## Problem to solve
Please repeat exactly the lines below from the one containing "钢琴谱:烛光里的妈妈 C调简易钢琴弹唱伴奏 带歌词 毛阿敏" down to the one containing "Garbage Disposal 1/2", both included, and nothing else.

(Beginning of Supplied data)

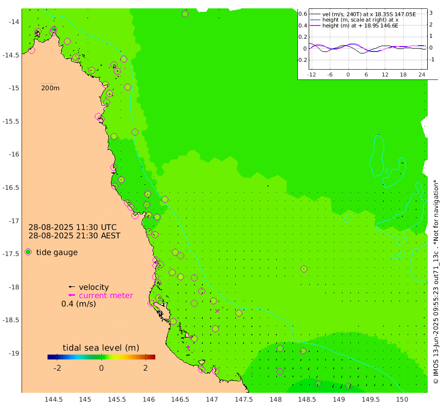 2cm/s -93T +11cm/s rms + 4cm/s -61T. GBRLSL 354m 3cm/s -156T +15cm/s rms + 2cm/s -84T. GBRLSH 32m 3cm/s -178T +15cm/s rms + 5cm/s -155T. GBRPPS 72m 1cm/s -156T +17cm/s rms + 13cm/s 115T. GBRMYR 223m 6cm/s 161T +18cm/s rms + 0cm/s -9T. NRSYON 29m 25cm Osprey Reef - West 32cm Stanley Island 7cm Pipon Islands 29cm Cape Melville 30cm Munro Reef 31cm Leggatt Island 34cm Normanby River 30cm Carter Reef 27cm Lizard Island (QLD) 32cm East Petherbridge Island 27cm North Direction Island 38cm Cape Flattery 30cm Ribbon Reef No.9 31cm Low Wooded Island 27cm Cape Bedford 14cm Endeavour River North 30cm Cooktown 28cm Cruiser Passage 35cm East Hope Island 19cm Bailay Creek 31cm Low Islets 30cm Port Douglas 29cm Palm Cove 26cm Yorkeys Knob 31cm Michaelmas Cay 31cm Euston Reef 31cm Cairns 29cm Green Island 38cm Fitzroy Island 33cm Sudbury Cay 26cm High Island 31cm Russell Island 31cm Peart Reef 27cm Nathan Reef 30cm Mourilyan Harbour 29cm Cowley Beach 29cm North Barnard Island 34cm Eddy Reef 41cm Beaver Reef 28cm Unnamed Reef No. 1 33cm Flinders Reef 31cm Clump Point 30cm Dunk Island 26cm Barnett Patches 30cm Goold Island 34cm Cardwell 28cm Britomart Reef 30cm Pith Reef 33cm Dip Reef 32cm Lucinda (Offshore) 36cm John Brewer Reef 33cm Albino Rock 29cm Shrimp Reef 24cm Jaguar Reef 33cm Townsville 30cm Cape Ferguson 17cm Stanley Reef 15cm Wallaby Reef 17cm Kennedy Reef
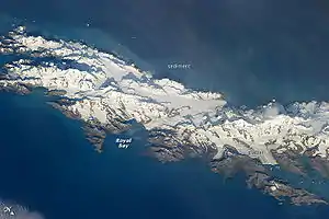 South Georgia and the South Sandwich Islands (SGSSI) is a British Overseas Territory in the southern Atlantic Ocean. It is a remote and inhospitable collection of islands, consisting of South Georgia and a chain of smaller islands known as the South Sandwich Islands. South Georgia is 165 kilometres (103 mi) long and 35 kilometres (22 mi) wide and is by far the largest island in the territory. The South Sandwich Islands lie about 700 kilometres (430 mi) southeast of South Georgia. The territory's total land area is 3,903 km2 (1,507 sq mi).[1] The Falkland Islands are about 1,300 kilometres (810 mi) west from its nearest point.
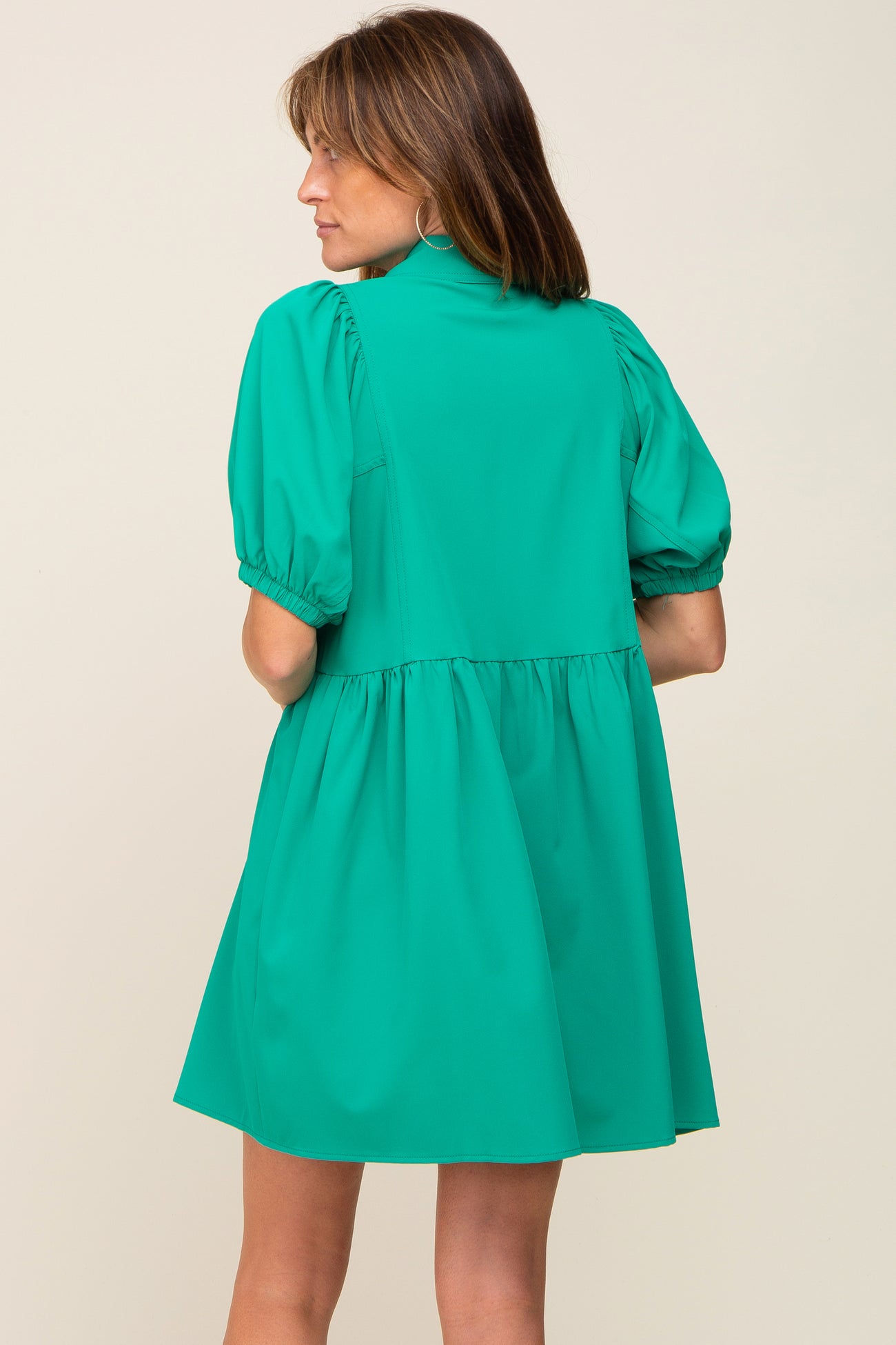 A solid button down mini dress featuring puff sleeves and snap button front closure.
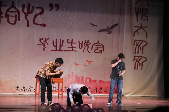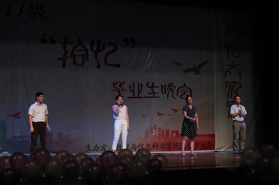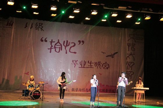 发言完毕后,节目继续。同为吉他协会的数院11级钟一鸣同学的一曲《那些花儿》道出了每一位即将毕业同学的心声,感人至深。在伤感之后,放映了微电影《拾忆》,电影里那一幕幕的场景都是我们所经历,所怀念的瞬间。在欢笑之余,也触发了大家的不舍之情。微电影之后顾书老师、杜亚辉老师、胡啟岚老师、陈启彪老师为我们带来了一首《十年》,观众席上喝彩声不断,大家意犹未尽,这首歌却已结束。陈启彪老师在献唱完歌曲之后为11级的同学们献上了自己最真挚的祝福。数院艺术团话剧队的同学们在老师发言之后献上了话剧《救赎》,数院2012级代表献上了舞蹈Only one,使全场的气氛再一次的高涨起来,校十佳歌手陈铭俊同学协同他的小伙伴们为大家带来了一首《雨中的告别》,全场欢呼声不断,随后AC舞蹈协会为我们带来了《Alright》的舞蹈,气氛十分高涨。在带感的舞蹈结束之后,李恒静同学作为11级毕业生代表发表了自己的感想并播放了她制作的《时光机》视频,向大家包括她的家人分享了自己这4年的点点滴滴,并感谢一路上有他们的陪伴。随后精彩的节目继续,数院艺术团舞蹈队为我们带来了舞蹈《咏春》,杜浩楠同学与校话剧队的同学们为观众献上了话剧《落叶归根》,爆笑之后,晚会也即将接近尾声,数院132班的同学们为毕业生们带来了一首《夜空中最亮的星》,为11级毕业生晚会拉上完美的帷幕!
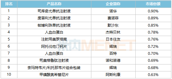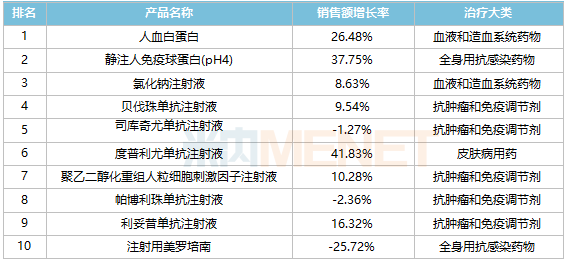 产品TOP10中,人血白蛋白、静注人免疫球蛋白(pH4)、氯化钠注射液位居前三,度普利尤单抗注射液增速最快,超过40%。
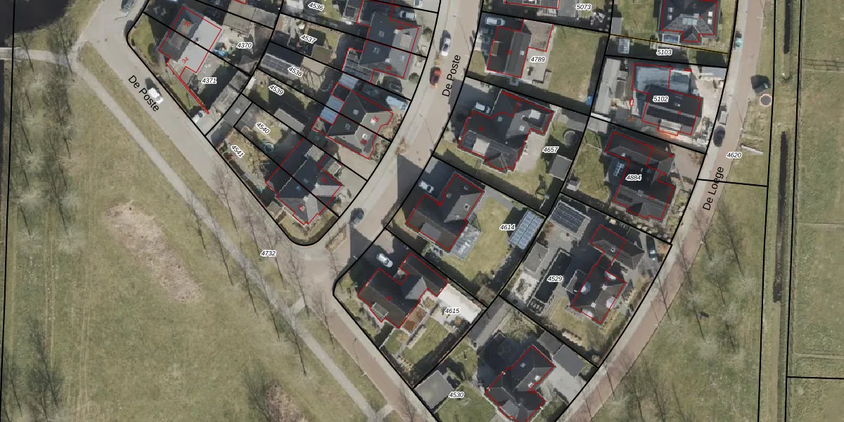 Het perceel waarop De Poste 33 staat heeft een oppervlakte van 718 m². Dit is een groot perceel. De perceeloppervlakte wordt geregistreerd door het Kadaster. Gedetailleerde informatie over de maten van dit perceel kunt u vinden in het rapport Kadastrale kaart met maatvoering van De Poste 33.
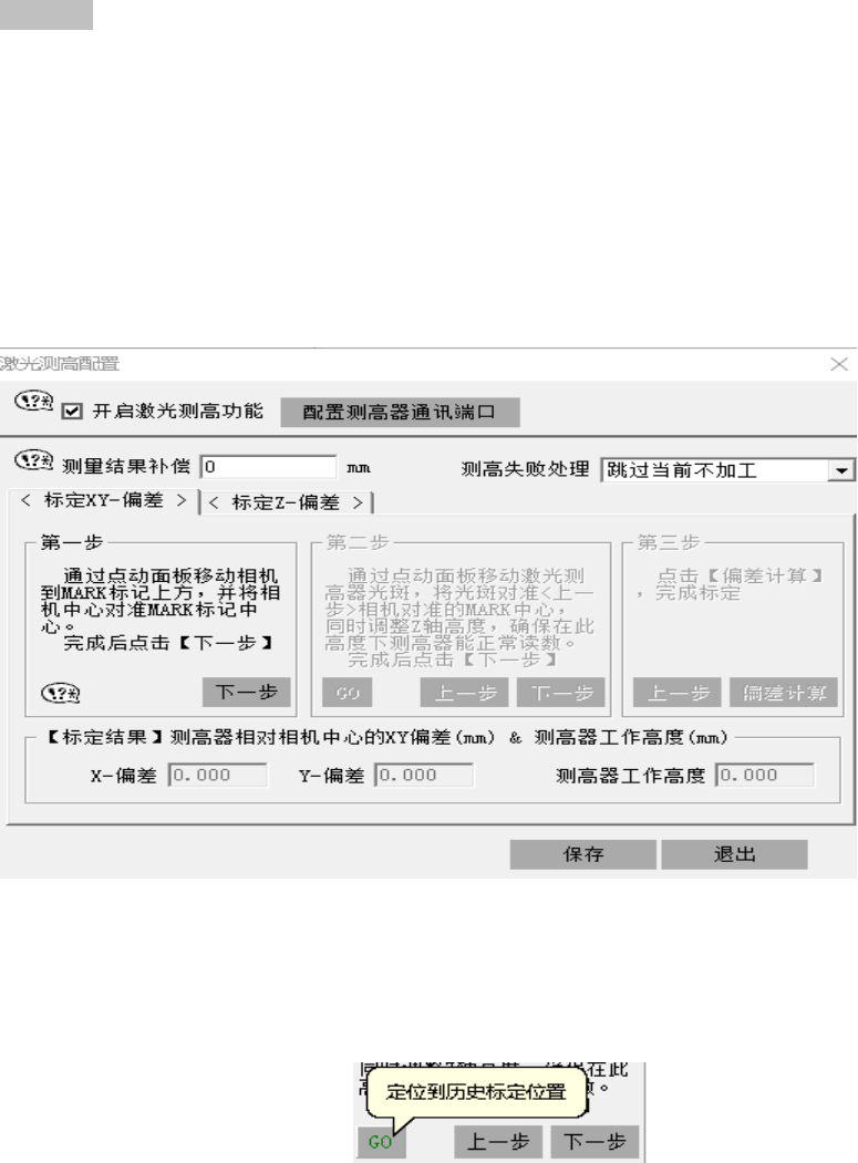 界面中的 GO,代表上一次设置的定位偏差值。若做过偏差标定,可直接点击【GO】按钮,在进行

(End of Supplied data)
(Beginning of Supplied data)

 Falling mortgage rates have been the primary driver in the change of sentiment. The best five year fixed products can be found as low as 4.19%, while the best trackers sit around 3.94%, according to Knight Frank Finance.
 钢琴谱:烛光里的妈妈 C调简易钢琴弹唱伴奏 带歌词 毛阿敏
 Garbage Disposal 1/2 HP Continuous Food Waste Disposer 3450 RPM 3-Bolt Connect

(End of Supplied data)
(Beginning of Supplied data)

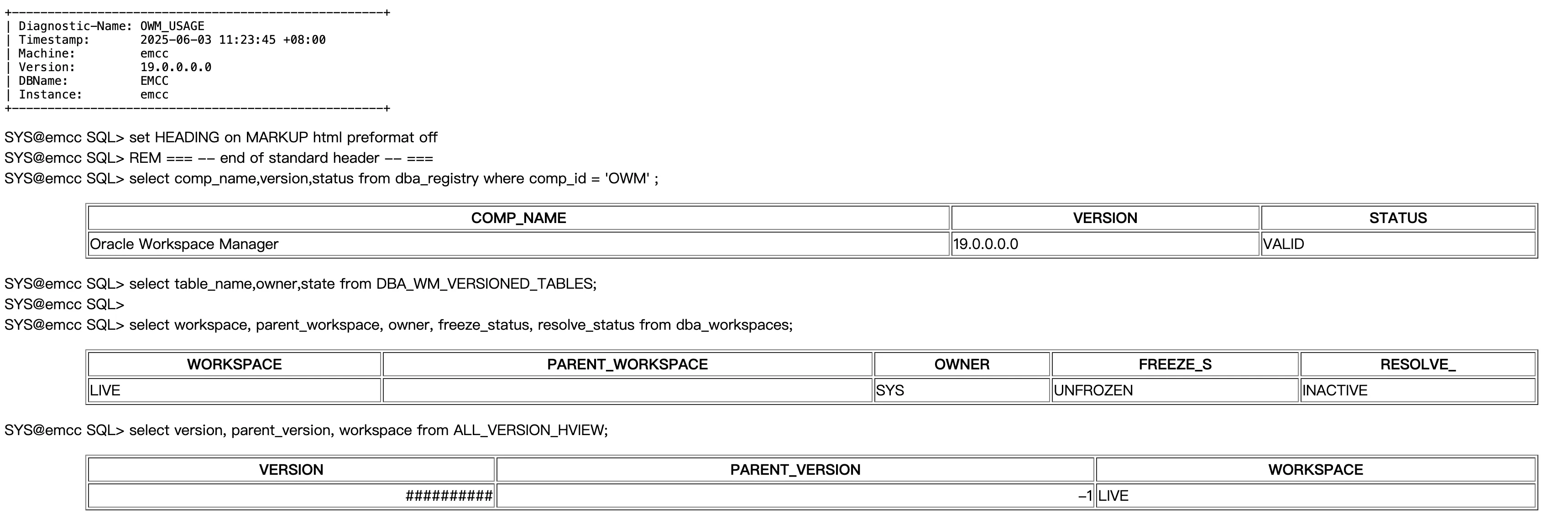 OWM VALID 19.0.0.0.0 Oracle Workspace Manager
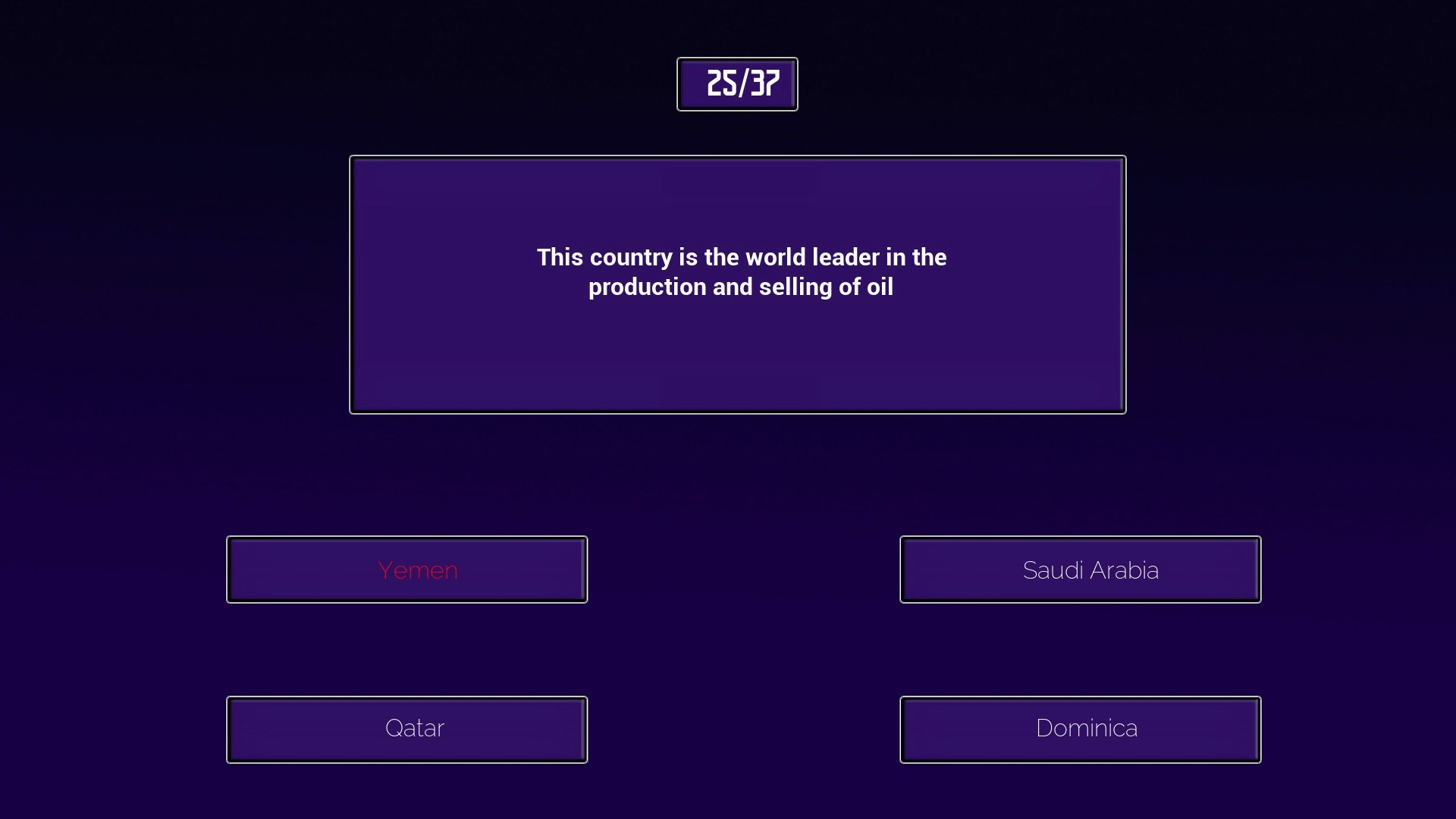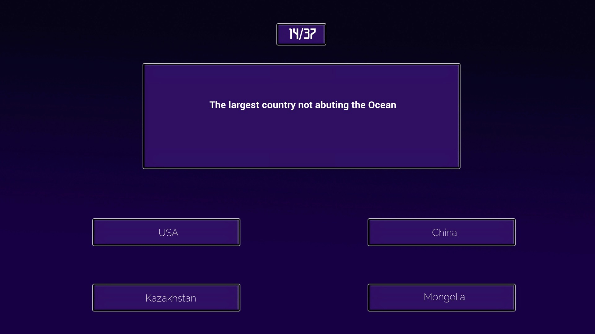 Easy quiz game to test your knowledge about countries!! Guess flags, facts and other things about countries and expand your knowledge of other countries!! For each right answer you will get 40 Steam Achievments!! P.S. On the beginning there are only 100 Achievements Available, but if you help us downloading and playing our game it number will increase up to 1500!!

(End of Supplied data)

## Answer for this exercise
 钢琴谱:烛光里的妈妈 C调简易钢琴弹唱伴奏 带歌词 毛阿敏
 Garbage Disposal 1/2 HP Continuous Food Waste Disposer 3450 RPM 3-Bolt Connect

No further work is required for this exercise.